Choć wg danych GUS aż 6,7 proc. społeczeństwa żyje w skrajnej biedzie, a 16-17 proc. bardzo skromnie, to problem ubóstwa jest w Polsce przemilczany - pisze piątkowa "Gazeta Wyborcza". Oznacza to, że w Polsce aż 6 mln ludzi zmaga się z trudnymi warunkami życiowymi.
Tak wynika z najnowszych badań socjologów z PAN opublikowanych w książce "Dyskursy ubóstwa i wykluczenia społecznego" pod red. prof. Elżbiety Tarkowskiej.
Ci gorsi
Wyłaniająca się z wywiadów z osobami ubogimi kumulacja poczucia izolacji, tego, że jest się kimś gorszym, i to na każdym kroku, jest niesamowita - ocenia Tarkowska.

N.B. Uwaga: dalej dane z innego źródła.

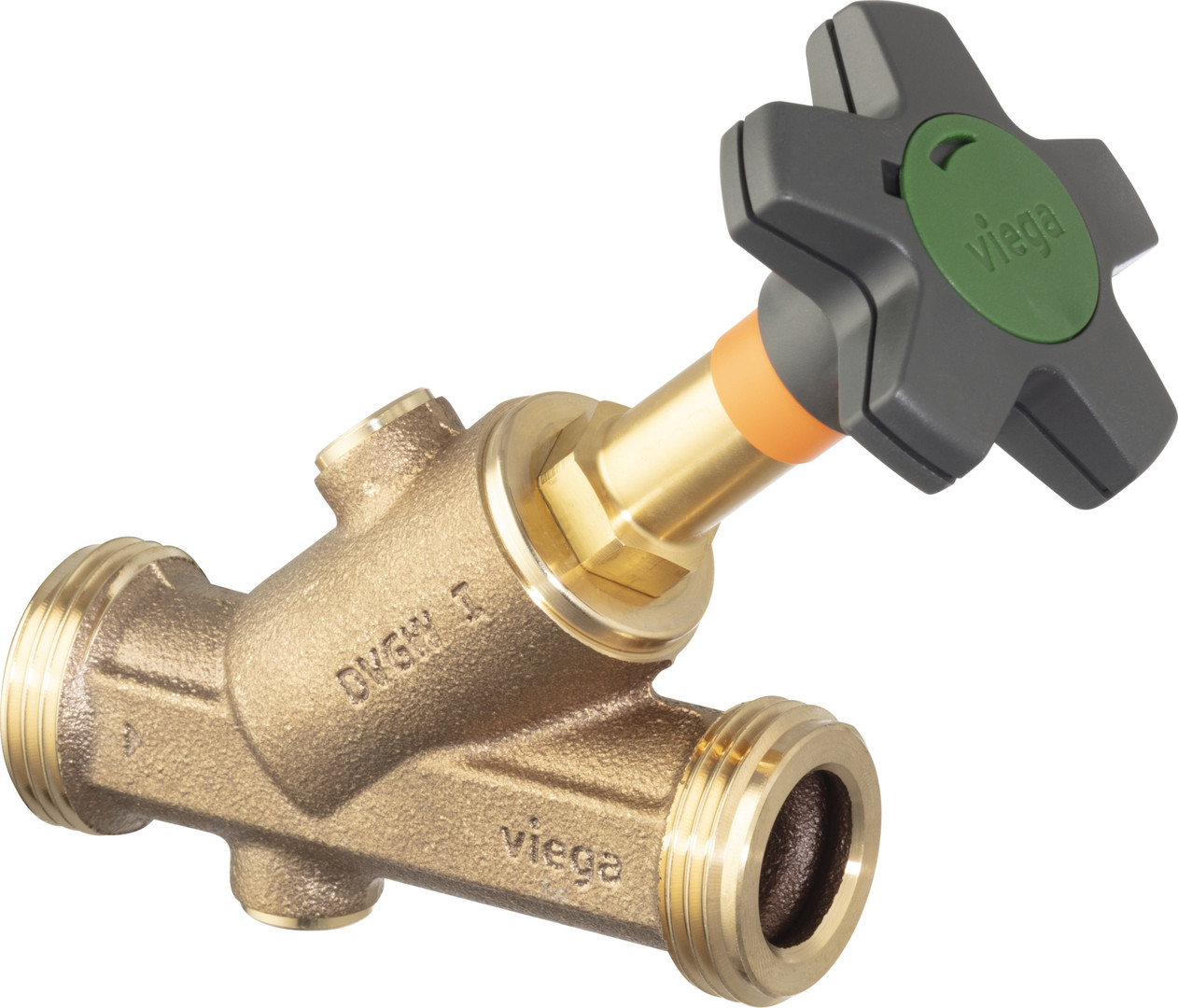 (Freistromventil) mit zylindrischem AG nach ISO 228 für flachdichtende Verschraubungen, Ventilgehäuse und -Oberteil aus Rotguss oder Siliziumbronze nach DIN 50930-6/DIN EN 1982, Ventilsitz und Ventiltellereinheit aus Edelstahl, mit Spindelübersetzung, Stellungsanzeige offen/geschlossen, Handrad ergonomisch und geschlossen mit Medienkennzeichnung grün/rot auswechselbar, mit Entleerungsstopfen G 1/4, Betriebsdruck 1,6 MPa (PN 16), Betriebstemperatur max. 90 °C, mit DVGW-Prüfzeichen
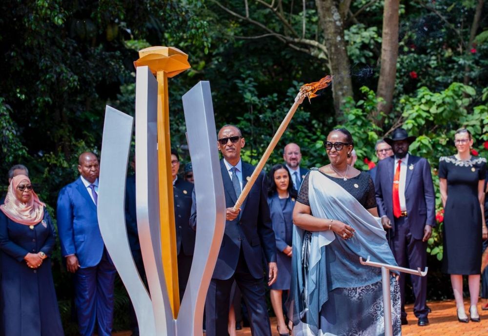 4月7日,在卢旺达基加利大屠杀纪念馆,卢旺达总统卡加梅及夫人珍妮特点燃纪念火炬。新华社发(卢旺达政府供图)
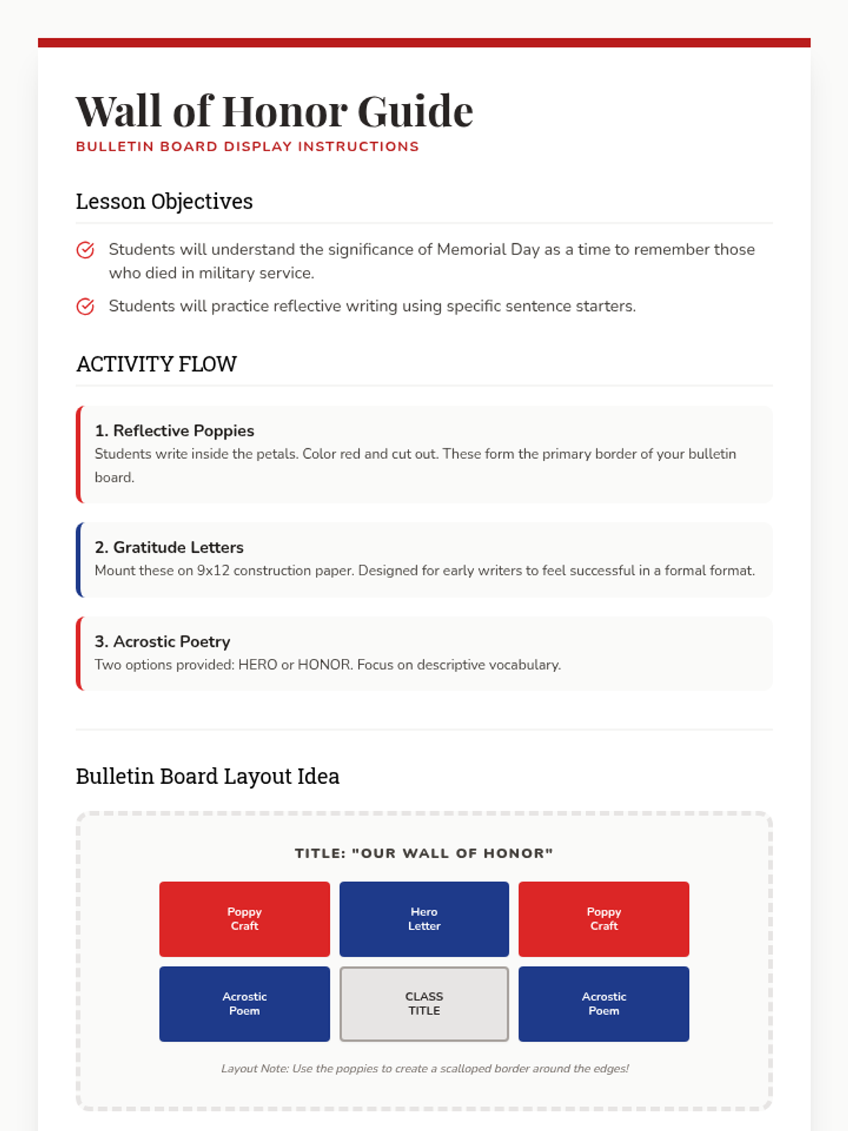 A teacher's guide for organizing and executing a Memorial Day bulletin board project. Revised with more condensed spacing to ensure all content fits on a single page.
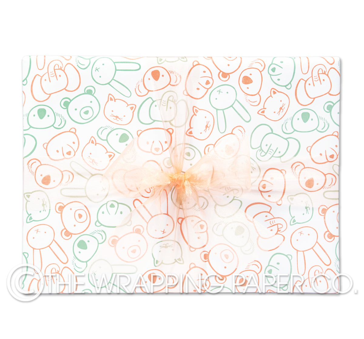 BABY ANIMALS matte wrapping paper counter roll 500 mm x 50 mtr gift wrapping paper. Designed & Manufactured in Australia using strong 80gsm matte white paper sourced from certified sustainable plantation forests. Designed & Illustrated by Chloe Eman. All designs are Copyright of The Wrapping Paper Co.
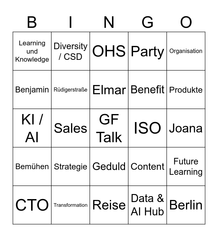 This bingo card has 25 words: Strategie, Reise, Elmar, CTO, Organisation, Learning und Knowledge, Benjamin, Diversity / CSD, ISO, Geduld, Benefit, KI / AI, Content, Future Learning, Rüdigerstraße, Berlin, Joana, OHS, Produkte, Sales, GF Talk, Transformation, Bemühen, Party and Data & AI Hub.
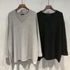 Top holgado de manga larga con escote en V y abertura media para mujer (otoño 2023)

"Gazeta Wyborcza" donosi, że w rozmowach najczęściej pojawiały się: niepewność, strach, lęk o przyszłość, martwienie się o następny dzień. Poważne problemy, z którymi spotykają się osoby zagrożone ubóstwem, to brak szacunku, lekceważenie i pogarda ze strony otoczenia - czytamy.
Profesor Tarkowska liczy, że publikacja uświadomi ludziom pewne, zdawałoby się, oczywistości, np. to, jak wielki ciężar ciąży na nich, gdy mówią publicznie o biedzie.